REQUIRED ACTION » Copied exactly and without pictures, the lines from the beginning of the entries through the one that holds "Hide & Drink, Funda" should form the entire reply.
-.-.-
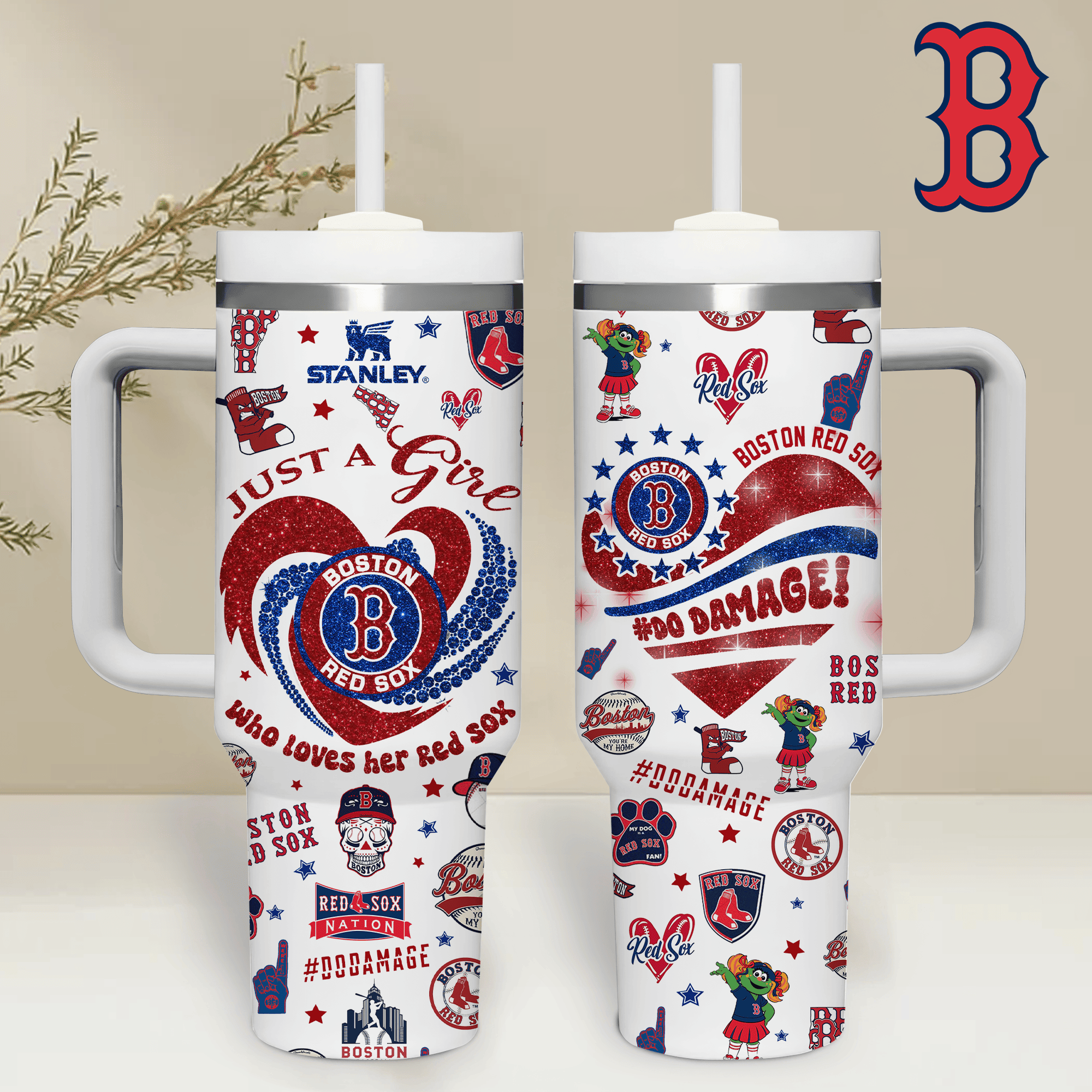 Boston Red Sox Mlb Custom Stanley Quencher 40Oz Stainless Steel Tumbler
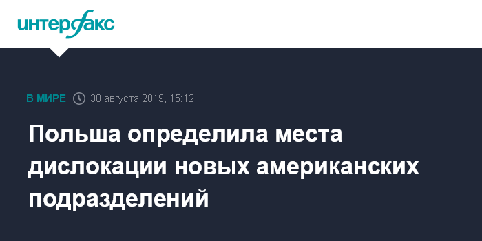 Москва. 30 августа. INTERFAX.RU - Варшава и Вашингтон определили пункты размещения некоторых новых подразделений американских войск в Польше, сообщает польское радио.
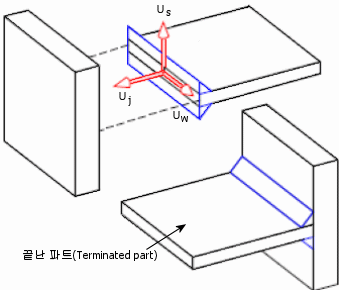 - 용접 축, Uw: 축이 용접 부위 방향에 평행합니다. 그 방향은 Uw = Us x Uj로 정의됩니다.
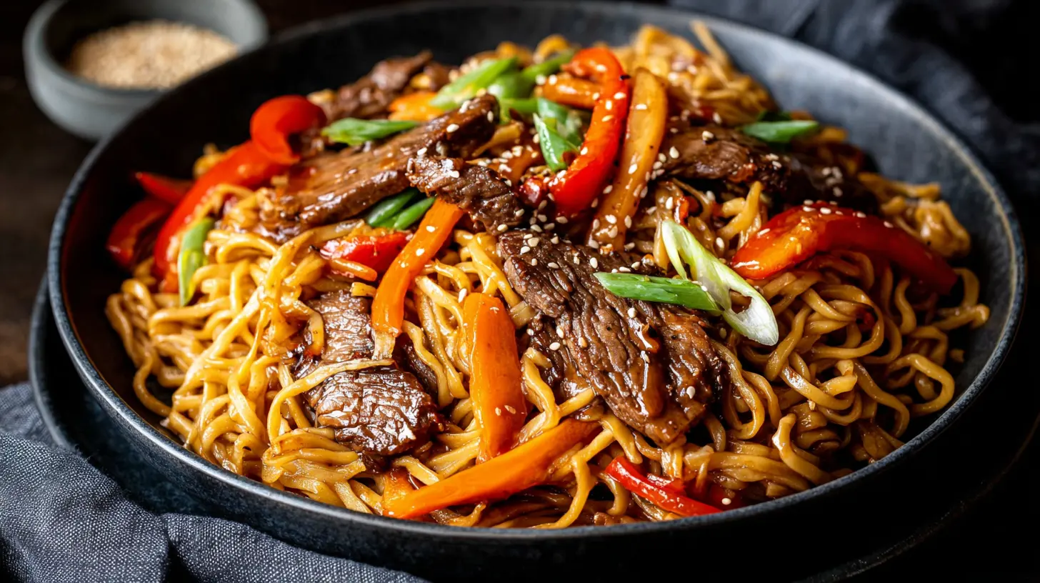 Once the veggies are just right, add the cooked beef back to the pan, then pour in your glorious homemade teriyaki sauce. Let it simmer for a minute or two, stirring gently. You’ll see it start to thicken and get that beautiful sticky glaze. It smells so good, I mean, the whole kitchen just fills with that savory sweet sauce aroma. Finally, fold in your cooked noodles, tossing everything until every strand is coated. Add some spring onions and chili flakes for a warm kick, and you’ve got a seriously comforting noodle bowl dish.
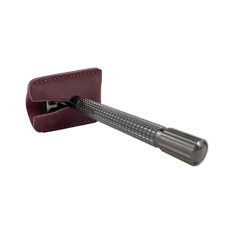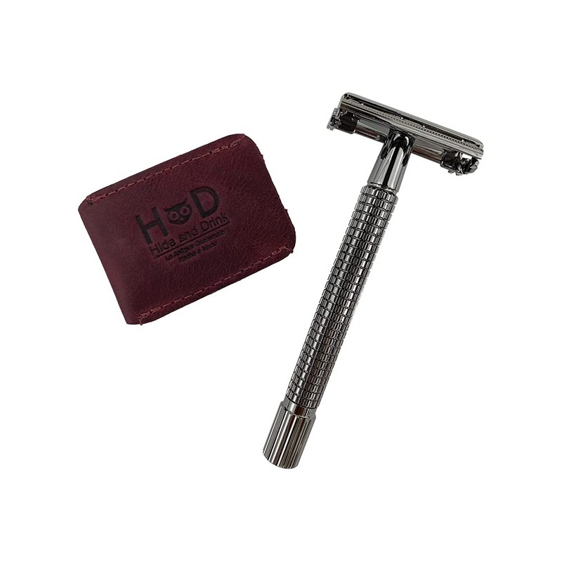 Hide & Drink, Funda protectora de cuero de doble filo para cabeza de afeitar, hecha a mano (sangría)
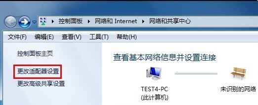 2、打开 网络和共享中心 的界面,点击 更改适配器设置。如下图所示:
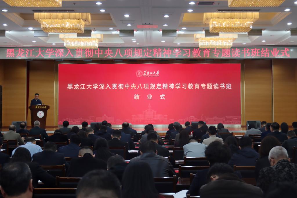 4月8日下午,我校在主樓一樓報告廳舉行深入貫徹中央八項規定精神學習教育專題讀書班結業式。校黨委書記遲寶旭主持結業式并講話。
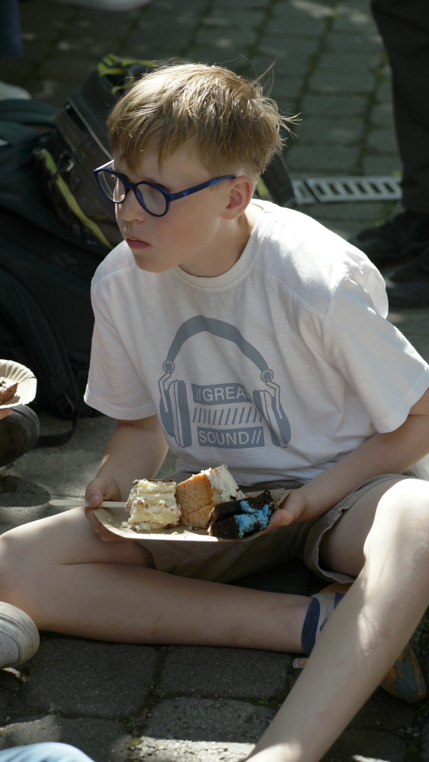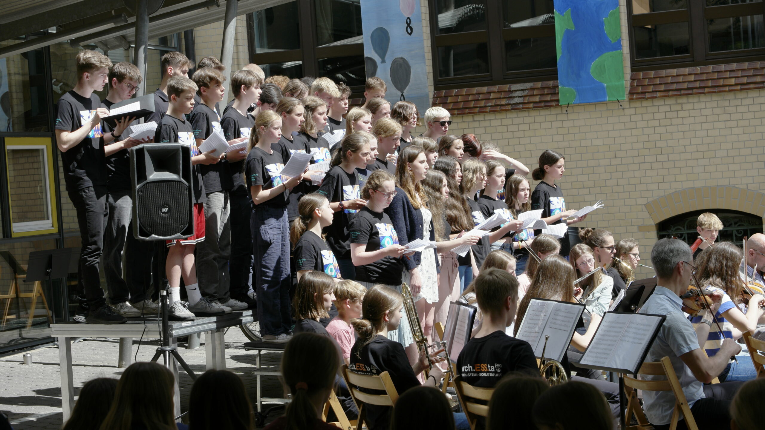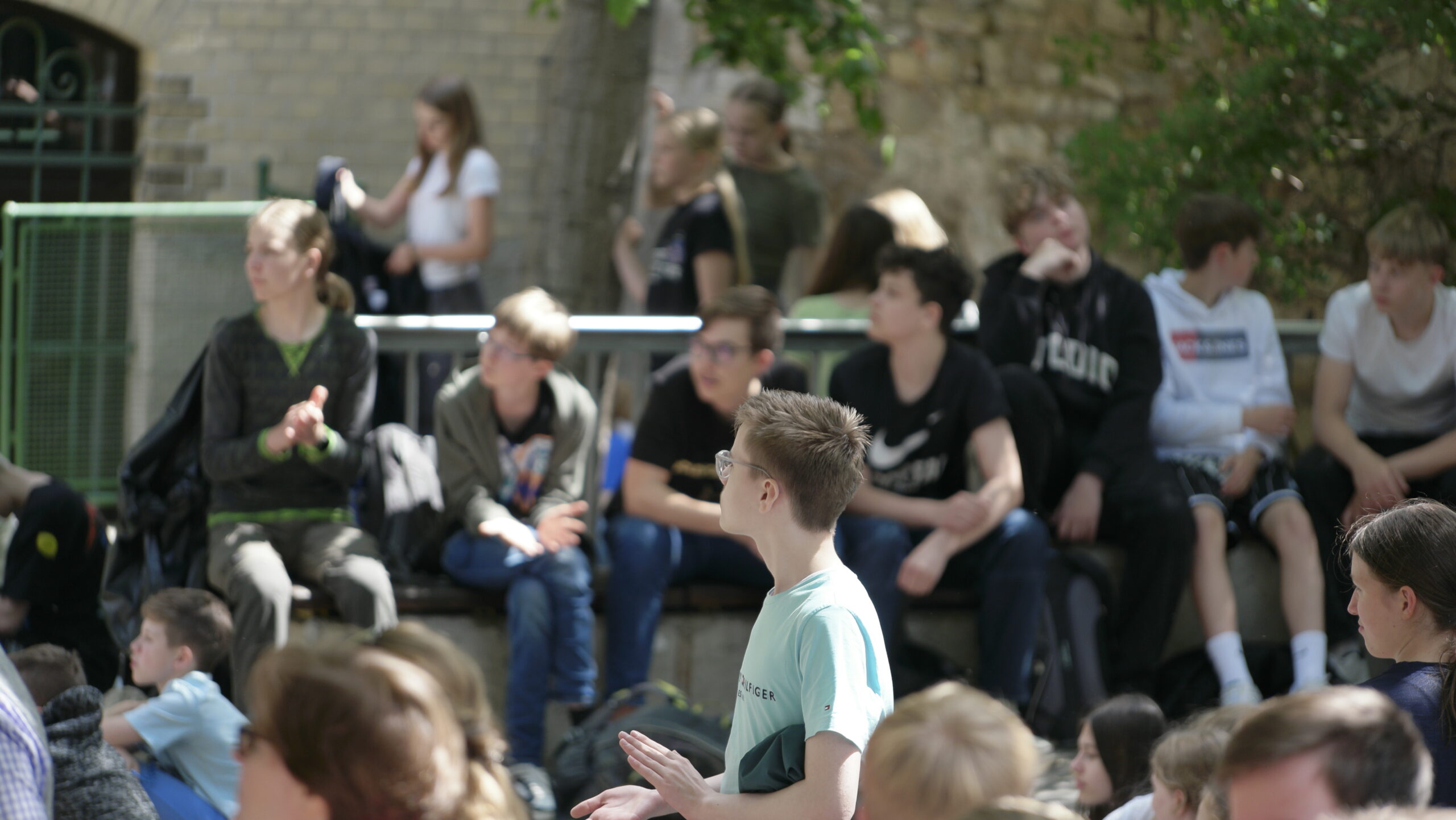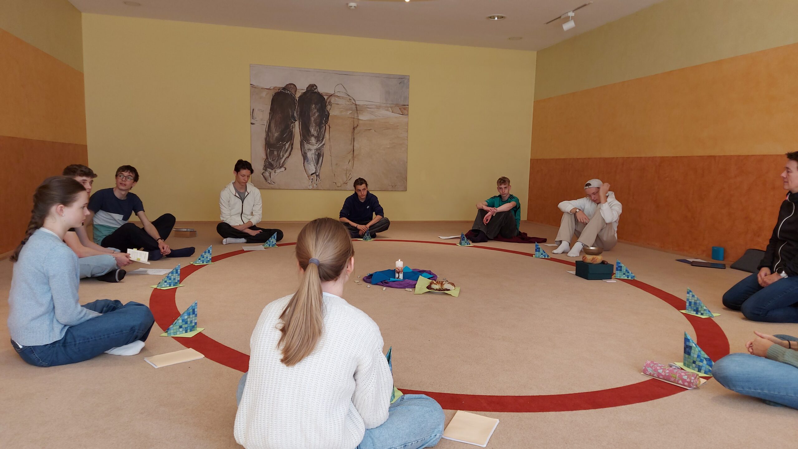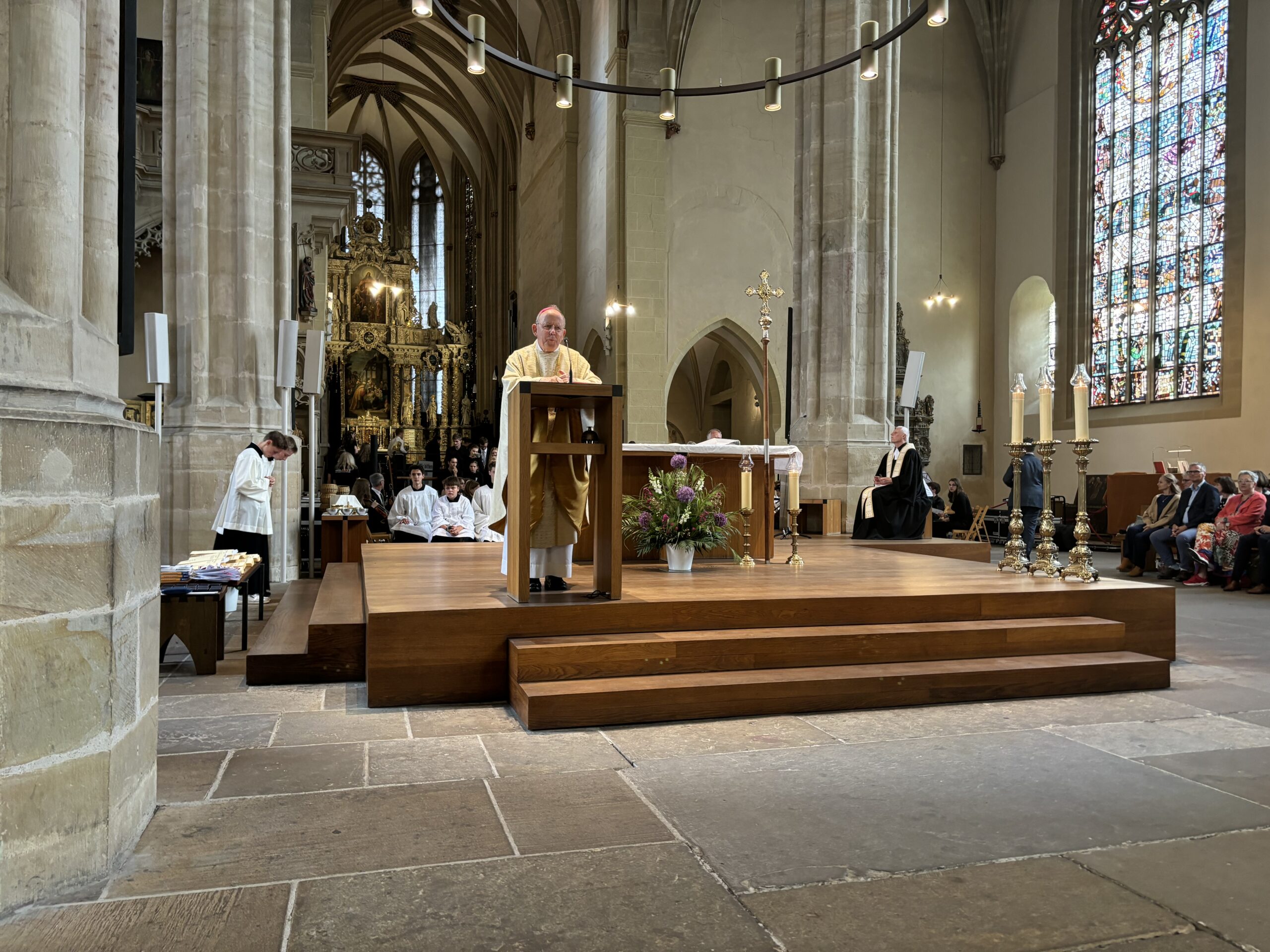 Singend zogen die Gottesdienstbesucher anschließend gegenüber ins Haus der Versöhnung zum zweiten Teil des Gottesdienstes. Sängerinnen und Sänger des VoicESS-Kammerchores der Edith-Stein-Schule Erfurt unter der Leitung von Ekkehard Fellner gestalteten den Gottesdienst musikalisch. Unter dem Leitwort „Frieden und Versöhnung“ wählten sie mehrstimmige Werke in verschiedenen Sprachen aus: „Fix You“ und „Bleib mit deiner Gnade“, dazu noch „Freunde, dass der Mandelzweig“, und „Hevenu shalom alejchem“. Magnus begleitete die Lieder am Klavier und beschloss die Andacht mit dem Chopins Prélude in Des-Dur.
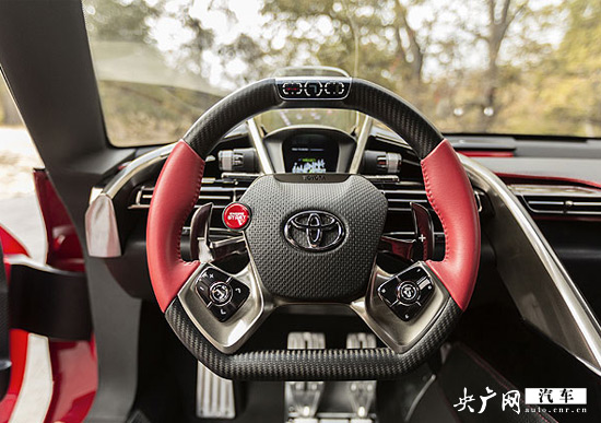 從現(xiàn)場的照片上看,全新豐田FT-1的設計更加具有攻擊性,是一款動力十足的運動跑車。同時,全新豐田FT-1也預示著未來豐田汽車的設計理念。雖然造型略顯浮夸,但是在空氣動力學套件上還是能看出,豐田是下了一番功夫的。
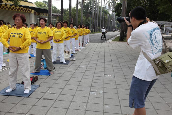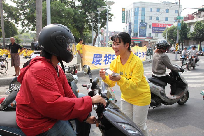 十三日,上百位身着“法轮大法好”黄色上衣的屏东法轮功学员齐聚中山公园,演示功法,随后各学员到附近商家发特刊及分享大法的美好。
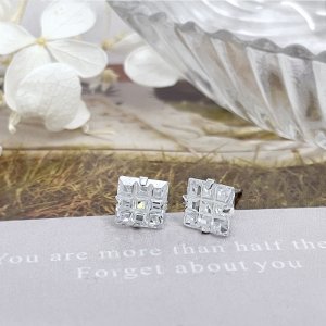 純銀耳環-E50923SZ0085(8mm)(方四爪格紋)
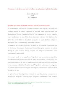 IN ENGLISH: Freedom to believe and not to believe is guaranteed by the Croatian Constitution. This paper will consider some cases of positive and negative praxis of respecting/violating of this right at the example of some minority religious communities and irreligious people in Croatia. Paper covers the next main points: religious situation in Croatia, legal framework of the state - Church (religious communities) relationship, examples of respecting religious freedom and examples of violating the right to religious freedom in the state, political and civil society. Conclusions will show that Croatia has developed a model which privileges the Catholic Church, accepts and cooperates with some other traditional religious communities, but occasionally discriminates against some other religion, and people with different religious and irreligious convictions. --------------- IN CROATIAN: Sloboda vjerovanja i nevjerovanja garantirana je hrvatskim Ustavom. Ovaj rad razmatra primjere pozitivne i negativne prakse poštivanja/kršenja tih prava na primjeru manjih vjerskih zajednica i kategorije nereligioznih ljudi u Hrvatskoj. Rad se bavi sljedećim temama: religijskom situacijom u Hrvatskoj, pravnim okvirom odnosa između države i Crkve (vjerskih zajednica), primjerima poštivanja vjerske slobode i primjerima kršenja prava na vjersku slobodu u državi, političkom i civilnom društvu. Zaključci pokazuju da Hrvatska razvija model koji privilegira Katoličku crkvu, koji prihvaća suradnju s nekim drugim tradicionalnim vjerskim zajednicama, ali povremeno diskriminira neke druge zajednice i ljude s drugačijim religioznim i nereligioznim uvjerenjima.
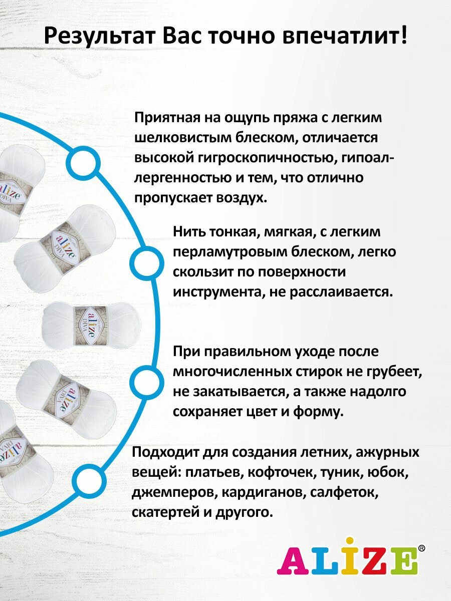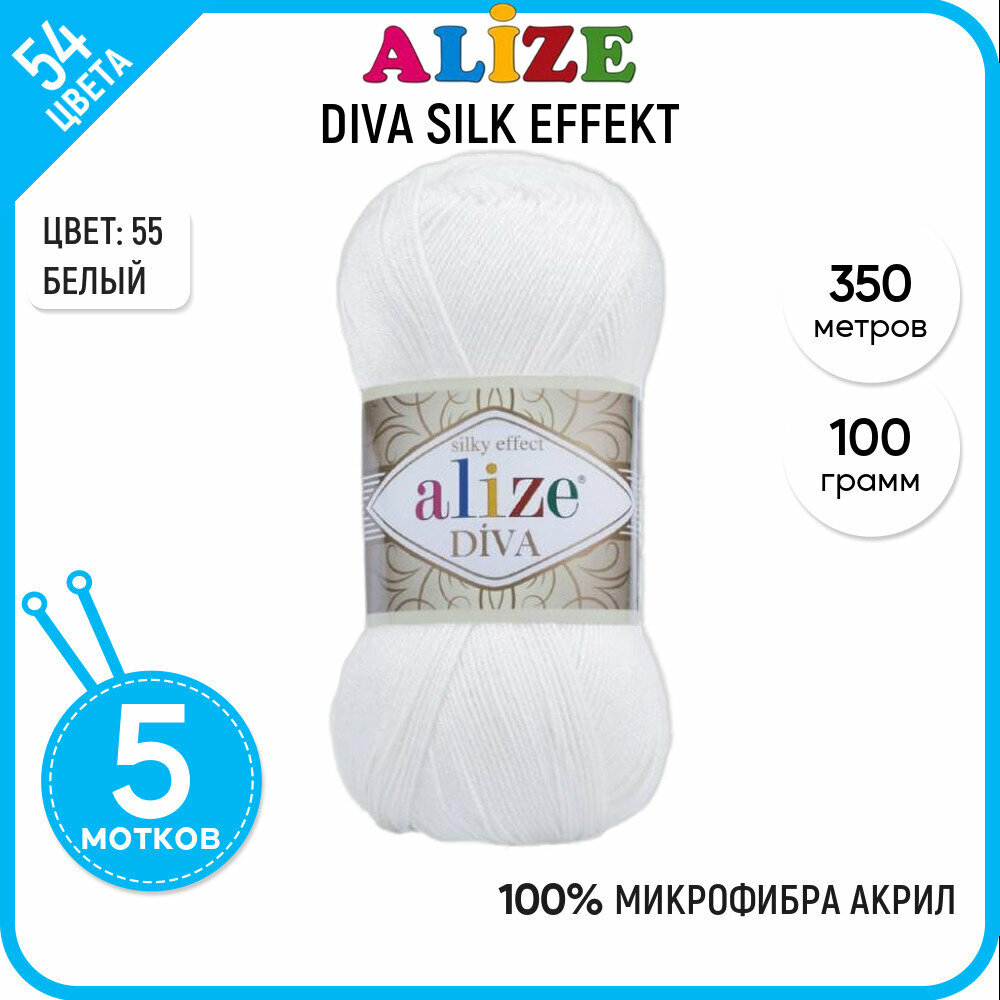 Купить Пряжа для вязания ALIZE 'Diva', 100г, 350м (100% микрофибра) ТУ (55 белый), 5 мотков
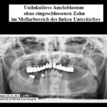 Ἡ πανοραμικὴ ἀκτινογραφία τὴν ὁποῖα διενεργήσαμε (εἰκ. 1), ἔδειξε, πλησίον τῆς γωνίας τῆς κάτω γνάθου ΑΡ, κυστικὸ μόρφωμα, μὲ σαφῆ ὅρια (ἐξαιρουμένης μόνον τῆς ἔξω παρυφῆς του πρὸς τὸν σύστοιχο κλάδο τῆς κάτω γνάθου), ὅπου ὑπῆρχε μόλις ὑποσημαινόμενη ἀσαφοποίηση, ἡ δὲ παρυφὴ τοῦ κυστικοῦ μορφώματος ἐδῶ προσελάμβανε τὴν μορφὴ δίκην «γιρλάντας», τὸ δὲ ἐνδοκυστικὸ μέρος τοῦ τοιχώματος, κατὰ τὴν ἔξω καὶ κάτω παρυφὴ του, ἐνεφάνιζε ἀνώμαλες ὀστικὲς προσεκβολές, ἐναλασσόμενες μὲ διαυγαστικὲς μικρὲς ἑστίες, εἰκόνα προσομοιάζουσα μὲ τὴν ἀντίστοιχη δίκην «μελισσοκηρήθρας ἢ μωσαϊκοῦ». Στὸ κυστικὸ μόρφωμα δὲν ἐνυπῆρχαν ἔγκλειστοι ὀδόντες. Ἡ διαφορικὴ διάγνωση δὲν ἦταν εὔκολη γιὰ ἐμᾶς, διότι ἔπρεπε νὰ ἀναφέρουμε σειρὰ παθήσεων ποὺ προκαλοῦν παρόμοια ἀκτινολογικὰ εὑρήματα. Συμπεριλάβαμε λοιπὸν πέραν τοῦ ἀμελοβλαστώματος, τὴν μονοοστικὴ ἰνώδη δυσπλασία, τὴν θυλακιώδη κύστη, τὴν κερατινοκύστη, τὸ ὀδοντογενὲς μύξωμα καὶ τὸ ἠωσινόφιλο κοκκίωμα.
-.-.-
ANSWER BOX »
 Boston Red Sox Mlb Custom Stanley Quencher 40Oz Stainless Steel Tumbler
 Москва. 30 августа. INTERFAX.RU - Варшава и Вашингтон определили пункты размещения некоторых новых подразделений американских войск в Польше, сообщает польское радио.
 - 용접 축, Uw: 축이 용접 부위 방향에 평행합니다. 그 방향은 Uw = Us x Uj로 정의됩니다.
 Once the veggies are just right, add the cooked beef back to the pan, then pour in your glorious homemade teriyaki sauce. Let it simmer for a minute or two, stirring gently. You’ll see it start to thicken and get that beautiful sticky glaze. It smells so good, I mean, the whole kitchen just fills with that savory sweet sauce aroma. Finally, fold in your cooked noodles, tossing everything until every strand is coated. Add some spring onions and chili flakes for a warm kick, and you’ve got a seriously comforting noodle bowl dish.
 Hide & Drink, Funda protectora de cuero de doble filo para cabeza de afeitar, hecha a mano (sangría)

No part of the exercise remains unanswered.